Amigo solaris8 gracias por tu respuesta, y pues te cuento.

el ac estaba funcionando, yo mande el auto al taller para ajuste de motor, cuando lo recogi habian cortado monton de cables, conectores y todo eso, la cuestion es me he decidido a hacer nuevas conexiones, porque por ningun lado encuentro los cables.

en el auto esta instalado el compresor, condensador y su ventilador, el filtro deshidratador, el evaporador, el blower que supongo que es el ventilador que va justo antes del evaporador y que airea el interior del auto,los relevadores se los robaron, me tacara comprarlos.

y este modulo que no se donde va conectado, dos cables son del termistor, el cual esta justo entre las aletas del evaporador, supongo al igual que tu que es el control de temperatura.

pero me quedan 5 cables sueltos y no se donde van, dos supongo que son de corriente, y quedan tres, y no de que seran.


----------



## John Miller (Feb 15, 2016)

Hola buen día de ese modulo que es un AC Thermal control amplifier, el TCA junto a la sonda  efectivamente va a las aletas del evaporador, este regula cuando el compresor se enciende y se apaga, el IC es un comparador de temperatura.

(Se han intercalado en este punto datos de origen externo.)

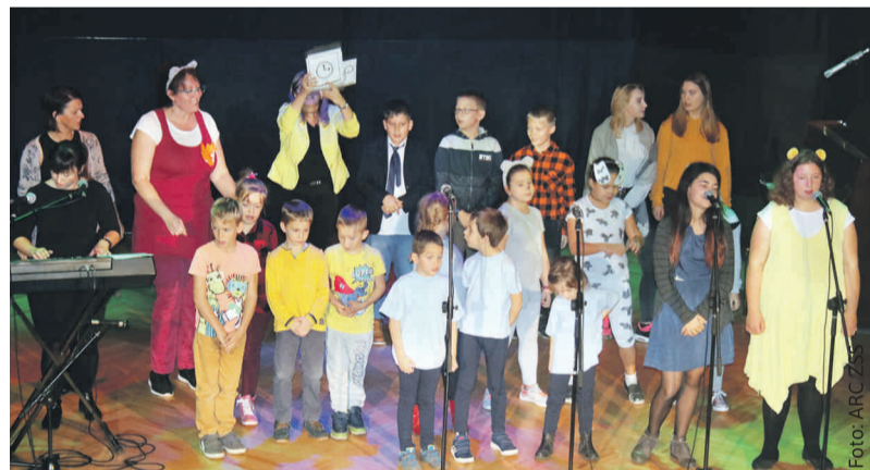
Występy młodych artystów bardzo podobały się publiczności.

Tu pcb que hiciste esta un poco confuso, si pudieras tomarle una buena foto al módulo o hicieras un poco mejor el pcb te podriamos ayudar a identificarlos.

Creo que serian asi:

Un cable para el (+)

Dos cables (GND)

Dos cables para la sonda Termistor.

Uno para la salida de comparación de temperatura del modulo, para controlar el Fan junto con un indicador luminoso o de audio.

Uno para la entrada de comparación de Temperatura que actua junto con el Termistor.

El 1AZ334K se lee 1AZ33 y es un Diodo Zener http://pdf.datasheetcatalog.net/datasheets/185/139900_DS.pdf


Lo unico que vi fue un video a lo mejor puedas buscar mejor información en ingles como el siguiente nombre:

AC Thermo Control Amplifier






MK.


----------



## solaris8 (Feb 15, 2016)

> el blower que supongo que es el ventilador que va justo antes del evaporador y que airea el interior del auto,



si efectivamente
.





> los relevadores se los robaron, me tacara comprarlos



en este caso, creo que no te va a quedar de otra....
este es el diagrama que creo se ajusta a tu problema







tambien esta el plan B, hacer un control de temperatura, te dejo un ejemplo pero en el foro abundan ....





https://www.forosdeelectronica.com/search.php?searchid=1211984


----------